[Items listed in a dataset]
□ □ □ □

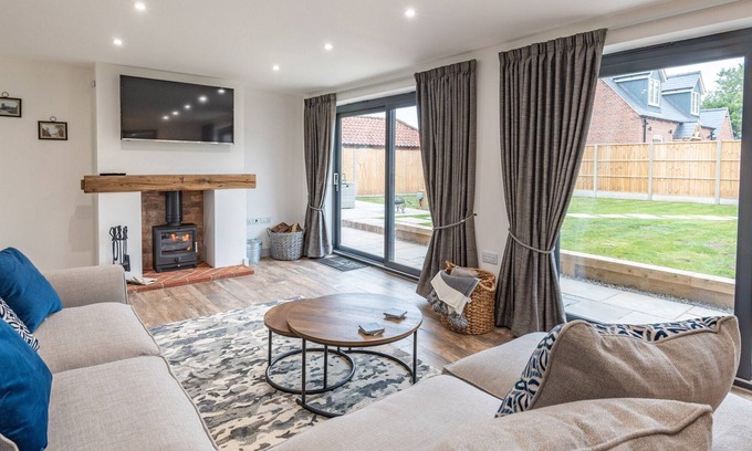 Bedroom 3: With twin beds and en-suite toilet.. Air source heat pump underfloor heating, electricity, bed linen, towels and Wi-Fi included. Logs for wood burner included. Travel cot, highchair and stairgate. Welcome pack. Enclosed lawned garden with patio, garden furniture, BBQ and firepit. 1 small dog welcome. Private parking for 2 cars. No smoking. Please note: There are 2 steps in the garden.. Centrally located in this peaceful village close to St Nicholas Church this luxury cottage enjoys a large enclosed garden ideal for families to play and enjoy. Just 10 miles from the sandy beaches, fun fair and amusements at Skegness or 30 minutes’ drive inland to the city of Lincoln where you can spend a day out exploring the castle and Bailgate area full of boutique shops, tea rooms, restaurants and bars for refreshment. Cadwell Park is 15 minutes’ drive with motorsport and track days throughout the year. After your days out return to relax in front of the wood burner and enjoy the lovely view of the garden through the large patio doors or wander a few minutes up the lane to the local pub for good food and drink. Pub 200 yards, shop ½ mile.
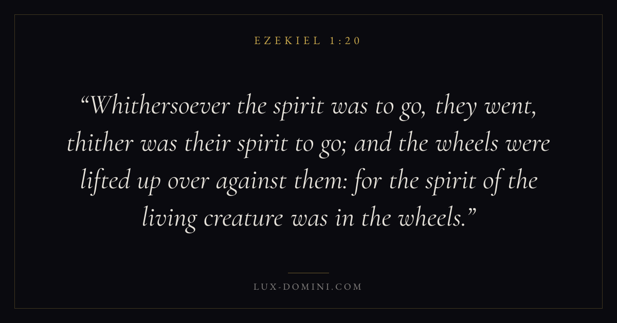 Whithersoever the spirit was to go, they went, thither was their spirit to go; and the wheels were lifted up over against them: for the spirit of the living creature was in the wheels.
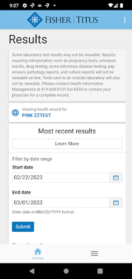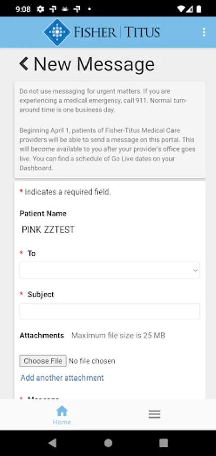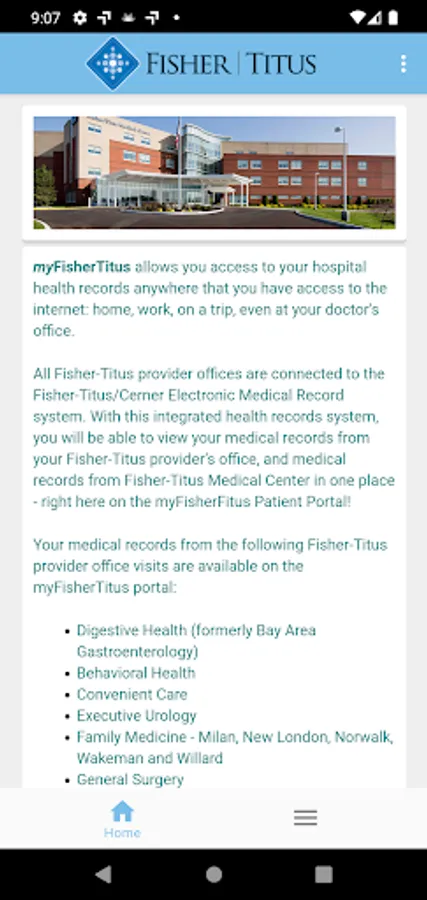The myFisherTitus Patient Portal app connects you, the patient, with your healthcare provider and health record. The app enables you to view upcoming appointments, lab results, and view medical history, as well as send and receive secure messages with your provider.
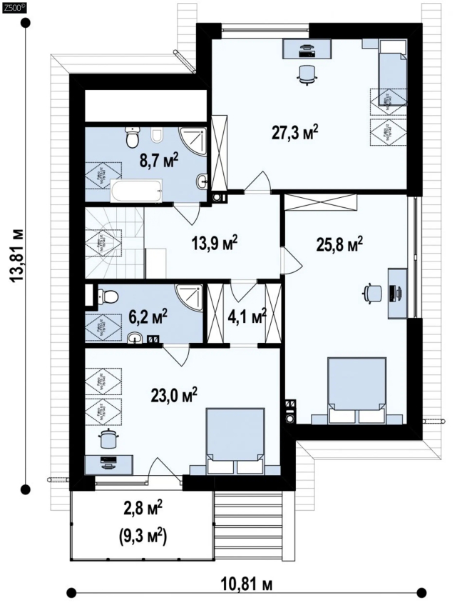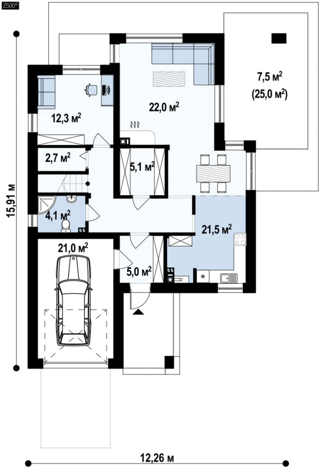 Возможно строительство альтернативных видов кровли, например керамическая плитка, компазитная черепица и т.п., согласно пожеланиям клиента и по подтверждению конструктора.
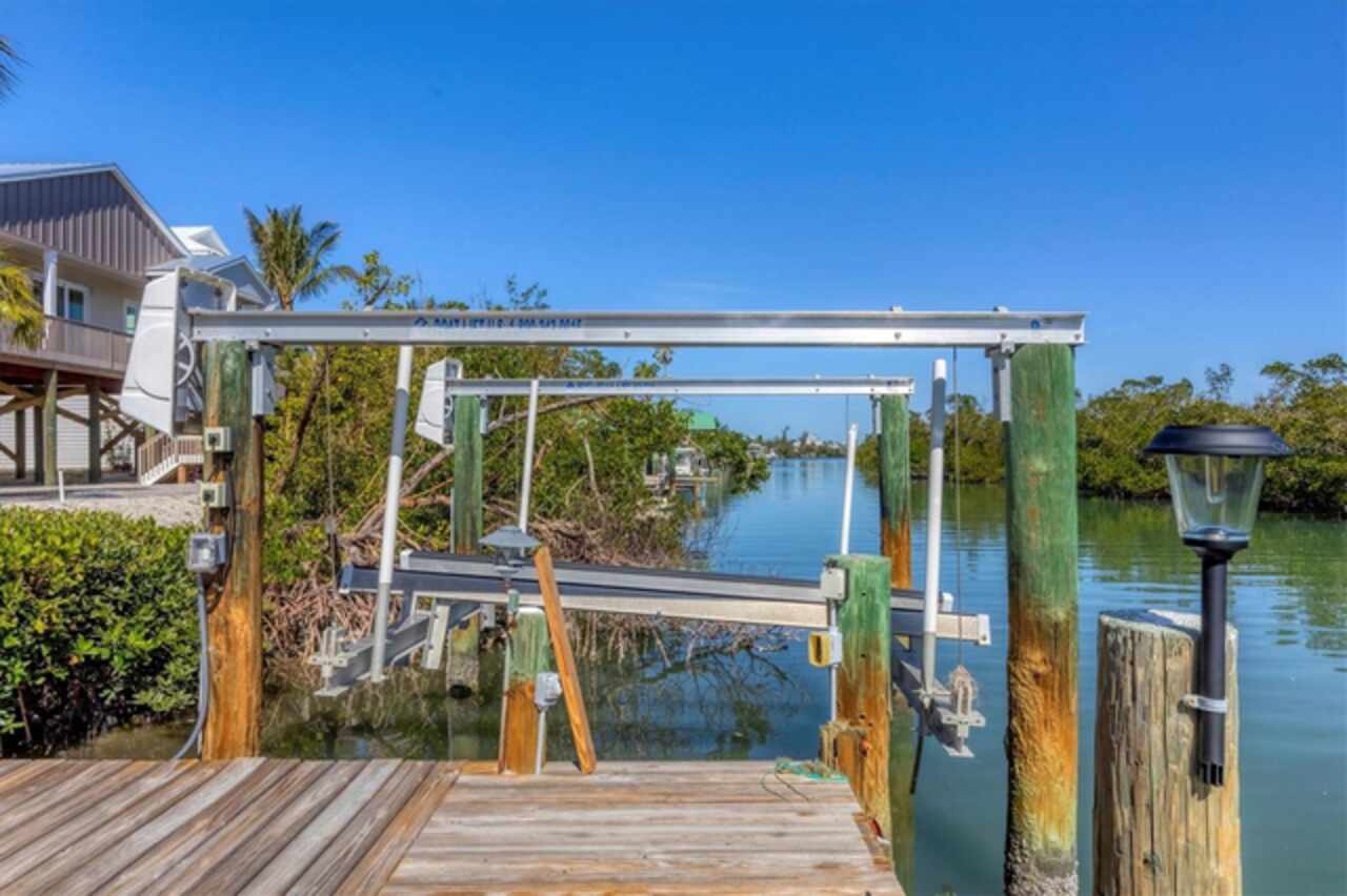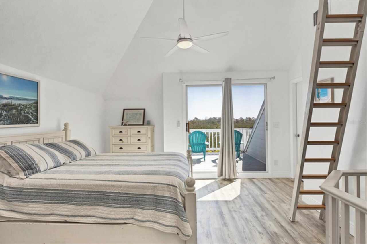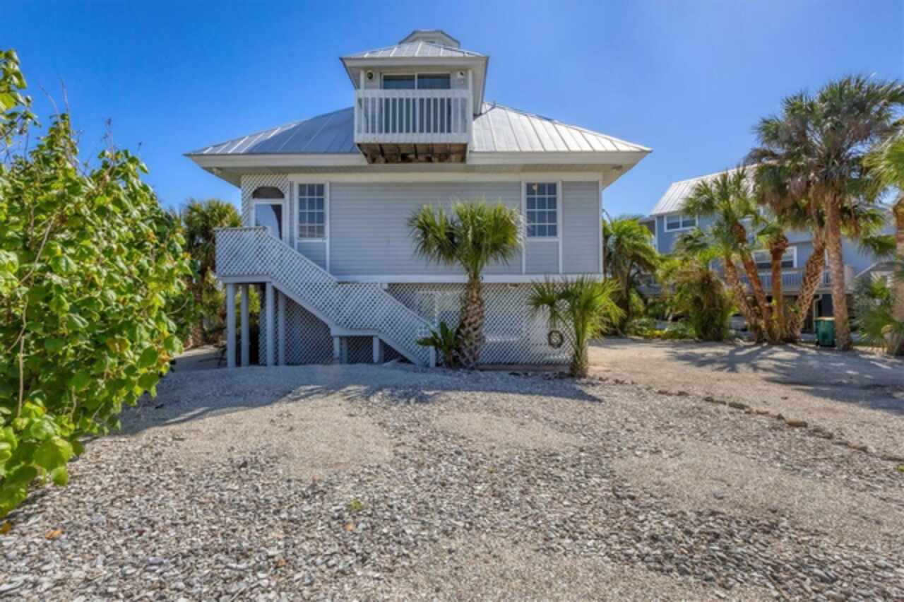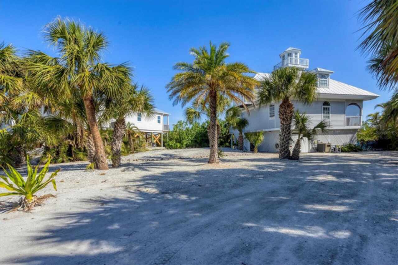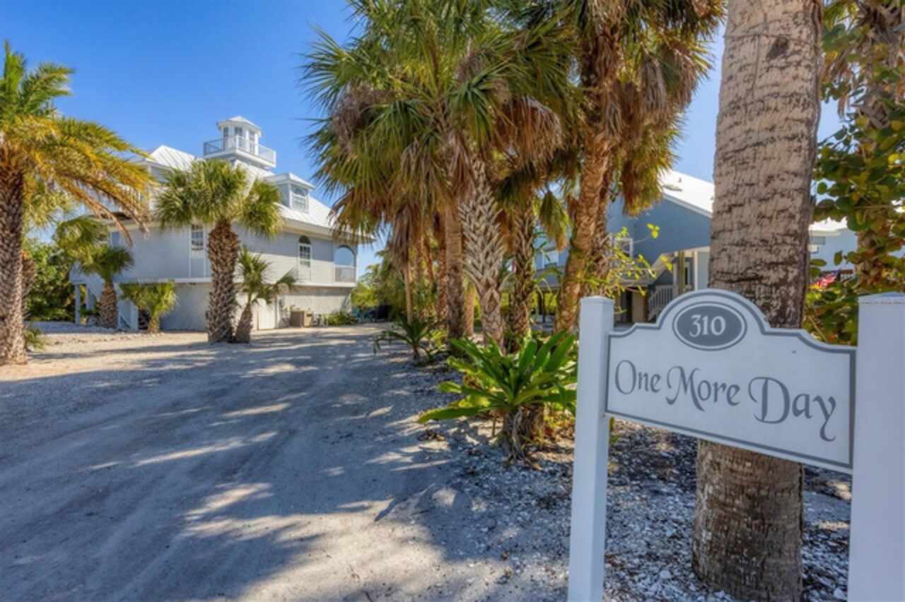 Reminiscent of old Florida lighthouse architectural appeal, this 2 bedroom/2 bath Palm Island/Don Pedro Island home is situated with 80 feet of water frontage and direct and almost immediate access to the Intracoastal Waterway and the Gulf of Mexico with no bridges. The interior also offers a bonus room/den for guests or office. The living room has sliders accessing an outdoor open lanai. The main floor bedroom also has sliders to a screened, covered lanai. The primary bedroom on the second floor also has sliders onto an open deck for spectacular water views. For outside entertainment, if offers a dock with water and electric and a 10, 000 lb. Boat lift as well as a large salt water heated swimming pool. There is also an entertaining area under the home with plenty of room for lounging and outdoor kitchen. There is deeded beach access to seven miles of sugar sand pristine beaches just a quick golf cart ride away. The house has been given the name, "One More Day" which says when you come to this home, you're never ready to leave and that says it all.

□ □ □ □

**What to produce:** For this exercise, return the data above exactly and leave every picture out.

**Response to this exercise:**
 Bedroom 3: With twin beds and en-suite toilet.. Air source heat pump underfloor heating, electricity, bed linen, towels and Wi-Fi included. Logs for wood burner included. Travel cot, highchair and stairgate. Welcome pack. Enclosed lawned garden with patio, garden furniture, BBQ and firepit. 1 small dog welcome. Private parking for 2 cars. No smoking. Please note: There are 2 steps in the garden.. Centrally located in this peaceful village close to St Nicholas Church this luxury cottage enjoys a large enclosed garden ideal for families to play and enjoy. Just 10 miles from the sandy beaches, fun fair and amusements at Skegness or 30 minutes’ drive inland to the city of Lincoln where you can spend a day out exploring the castle and Bailgate area full of boutique shops, tea rooms, restaurants and bars for refreshment. Cadwell Park is 15 minutes’ drive with motorsport and track days throughout the year. After your days out return to relax in front of the wood burner and enjoy the lovely view of the garden through the large patio doors or wander a few minutes up the lane to the local pub for good food and drink. Pub 200 yards, shop ½ mile.
 Whithersoever the spirit was to go, they went, thither was their spirit to go; and the wheels were lifted up over against them: for the spirit of the living creature was in the wheels.
The myFisherTitus Patient Portal app connects you, the patient, with your healthcare provider and health record. The app enables you to view upcoming appointments, lab results, and view medical history, as well as send and receive secure messages with your provider.
 Возможно строительство альтернативных видов кровли, например керамическая плитка, компазитная черепица и т.п., согласно пожеланиям клиента и по подтверждению конструктора.
 Reminiscent of old Florida lighthouse architectural appeal, this 2 bedroom/2 bath Palm Island/Don Pedro Island home is situated with 80 feet of water frontage and direct and almost immediate access to the Intracoastal Waterway and the Gulf of Mexico with no bridges. The interior also offers a bonus room/den for guests or office. The living room has sliders accessing an outdoor open lanai. The main floor bedroom also has sliders to a screened, covered lanai. The primary bedroom on the second floor also has sliders onto an open deck for spectacular water views. For outside entertainment, if offers a dock with water and electric and a 10, 000 lb. Boat lift as well as a large salt water heated swimming pool. There is also an entertaining area under the home with plenty of room for lounging and outdoor kitchen. There is deeded beach access to seven miles of sugar sand pristine beaches just a quick golf cart ride away. The house has been given the name, "One More Day" which says when you come to this home, you're never ready to leave and that says it all.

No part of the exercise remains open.